Concept: If the product of two matrices is a scalar multiple of the identity matrix, i.e., \[ QP=kI, \] then \[ P^{-1}=\frac{1}{k}Q. \] The given system of linear equations can be written in the matrix form \[ PX=B, \] where \[ X= \begin{bmatrix} x\\ y\\ z \end{bmatrix}. \]

Step 1: Find the matrix product \(QP\). \[ Q= \begin{bmatrix} 2 & -1 & 5\\ -4 & 2 & -4\\ 2 & 2 & -4 \end{bmatrix}, \qquad P= \begin{bmatrix} 0 & 1 & 2\\ 2 & 3 & 4\\ 1 & -1 & 0 \end{bmatrix}. \] Multiplying, \[ QP= \begin{bmatrix} 2 & -1 & 5\\ -4 & 2 & -4\\ 2 & 2 & -4 \end{bmatrix} \begin{bmatrix} 0 & 1 & 2\\ 2 & 3 & 4\\ 1 & -1 & 0 \end{bmatrix} = \begin{bmatrix} 3 & -6 & 0\\ 0 & 6 & 0\\ 0 & 12 & 12 \end{bmatrix}. \] Thus, \[ \boxed{ QP= \begin{bmatrix} 3 & -6 & 0\\ 0 & 6 & 0\\ 0 & 12 & 12 \end{bmatrix} } \] Hence, \[ QP\ne6I. \] 

Step 2: Solve the given system.
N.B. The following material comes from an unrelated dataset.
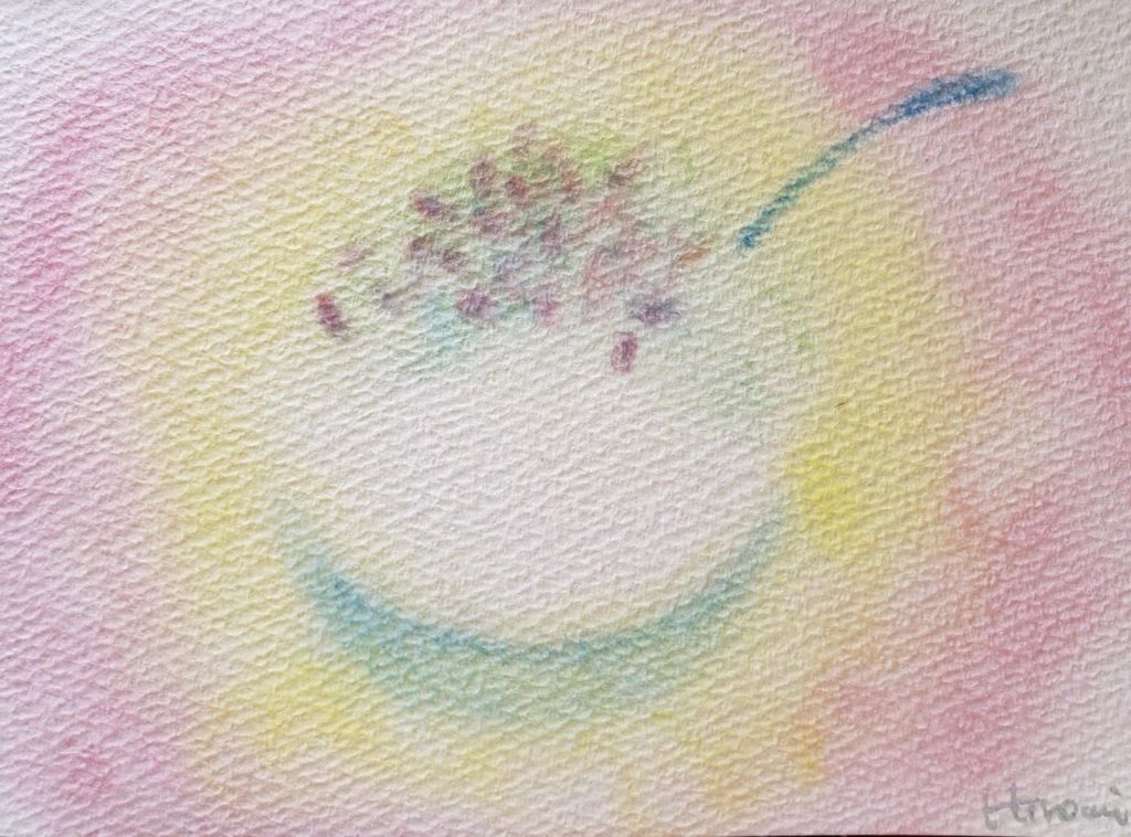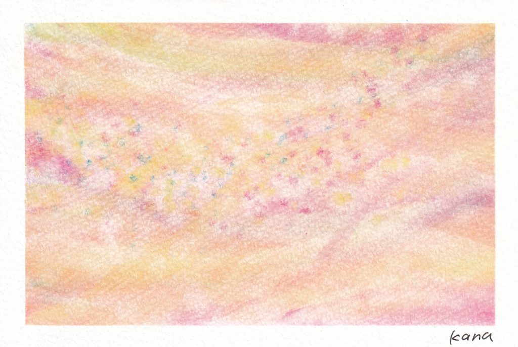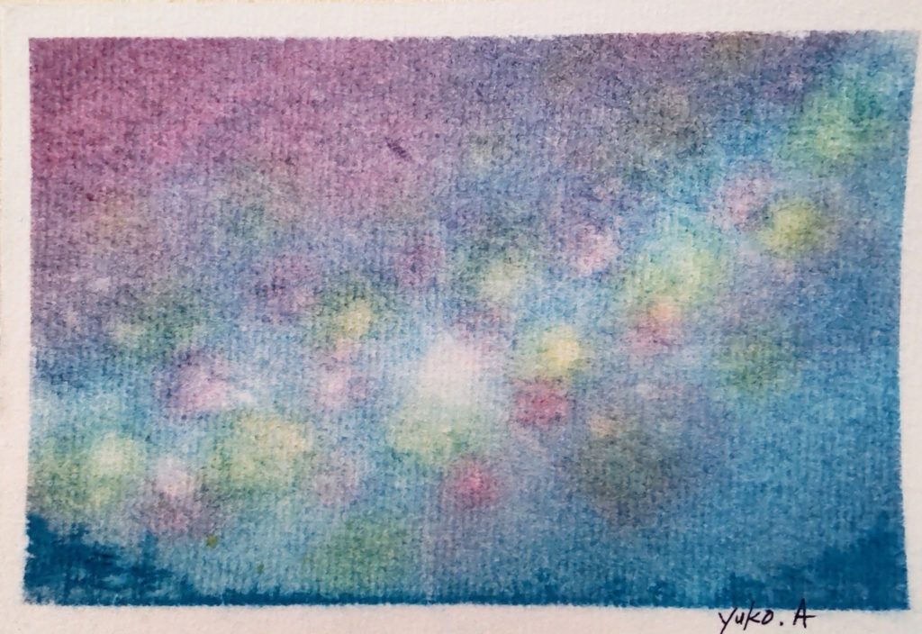 画用紙の上で自然に色が混ざり合うソフトパステルなら、無心でぐるぐる円を描いているうちにまるで宇宙のような深みのある色合いができあがります。

Arrange the equations according to the rows of \(P\): \[ \begin{aligned} y+2z&=7,\\ 2x+3y+4z&=17,\\ x-y&=3. \end{aligned} \] Thus, \[ \begin{bmatrix} 0 & 1 & 2\\ 2 & 3 & 4\\ 1 & -1 & 0 \end{bmatrix} \begin{bmatrix} x\\ y\\ z \end{bmatrix} = \begin{bmatrix} 7\\ 17\\ 3 \end{bmatrix}. \] From \[ x-y=3, \] we get \[ x=y+3. \] Also, \[ y+2z=7 \] gives \[ y=7-2z. \] Substituting into the second equation, \[ 2(y+3)+3y+4z=17, \] \[ 5y+4z=11. \] Using \(y=7-2z\), \[ 5(7-2z)+4z=11, \] \[ 35-10z+4z=11, \] \[ -6z=-24, \] \[ z=4. \] Therefore, \[ y=7-2(4)=-1, \] and \[ x=y+3=2. \] Hence, \[ \boxed{x=2,\quad y=-1,\quad z=4.} \]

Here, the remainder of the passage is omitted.